All switches running STP (it is turned on by default in Cisco switches) send out Bridge Protocol Data Units (BPDU). Switches running STP use BPDUs to exchange information with neighboring switches. One of the fields in the BPDU is the bridge identifier (ID); it comprises a 2-octet bridge priority and a 6-octet MAC address. STP uses the bridge ID to elect the root bridge—the switch with the lowest bridge ID is the root bridge. If all bridge priorities are left at their default values, the switch with the lowest MAC address therefore becomes the root bridge. In Figure 1-19, switch Y is elected as the root bridge.
All the ports on the root bridge are called designated ports, and they are all in the forwarding state—that is, they can send and receive data. The STP states are described in the next section.

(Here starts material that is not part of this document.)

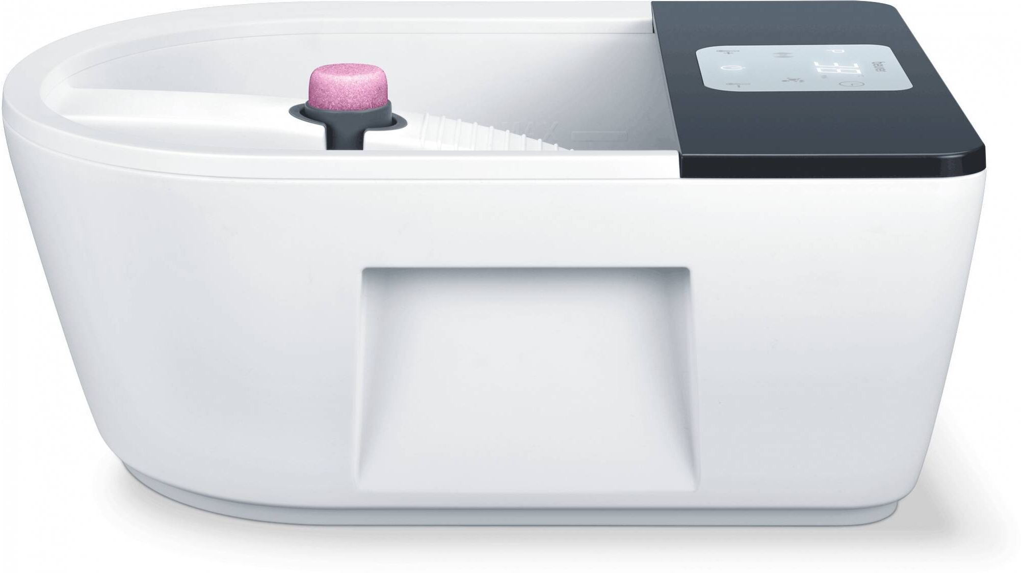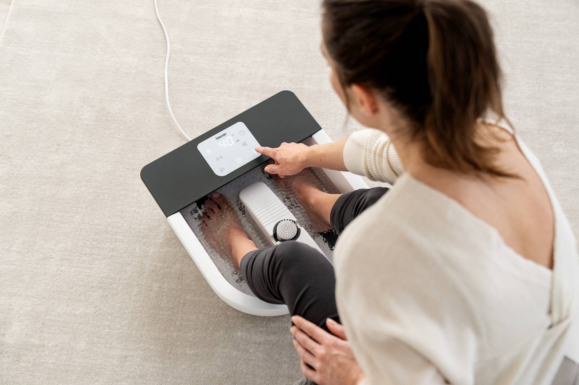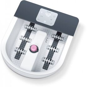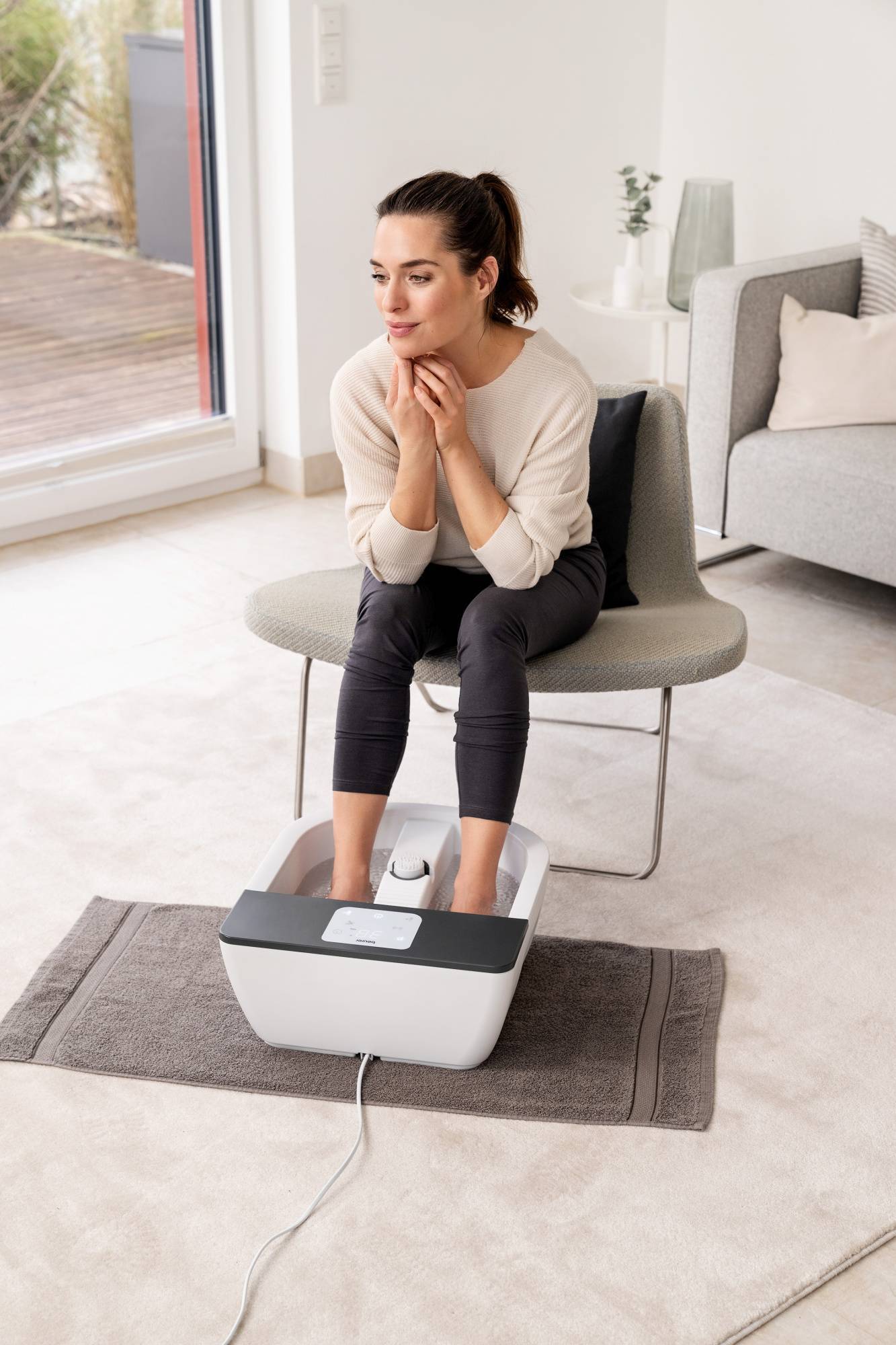 Двойные стенки для улучшенной теплоизоляции. Рельефные поверхности и очень широкие ролики для расслабляющего массажа нижней стороны стоп. Нескользящие резиновые ножки с механизмом намотки кабеля. Можно использовать до размера обуви 51

On all nonroot bridges, one port becomes the root port, and it is also in the forwarding state. The root port is the one with the lowest cost to the root. The cost of each link is by default inversely proportional to the link's bandwidth, so the port with the fastest total path from the switch to the root bridge is selected as the root port on that switch. In Figure 1-19, port 1 on switch X is the root port for that switch because it is the fastest way to the root bridge.
NOTE If multiple ports on a switch have the same fastest total path costs to the root bridge, STP considers other BPDU fields. STP looks first at the bridge IDs in the received BPDUs (the bridge IDs of the next switch in the path to the root bridge); the port that received the BPDU with the lowest bridge ID becomes the root port. If these bridge IDs are also equal, the port ID breaks the tie; the port with the lower port ID becomes the root port. The port ID field includes a port priority and a port index, which is the port number. Therefore, if the port priorities are the same (for example, if they are left at their default value), the lower port number becomes the root port.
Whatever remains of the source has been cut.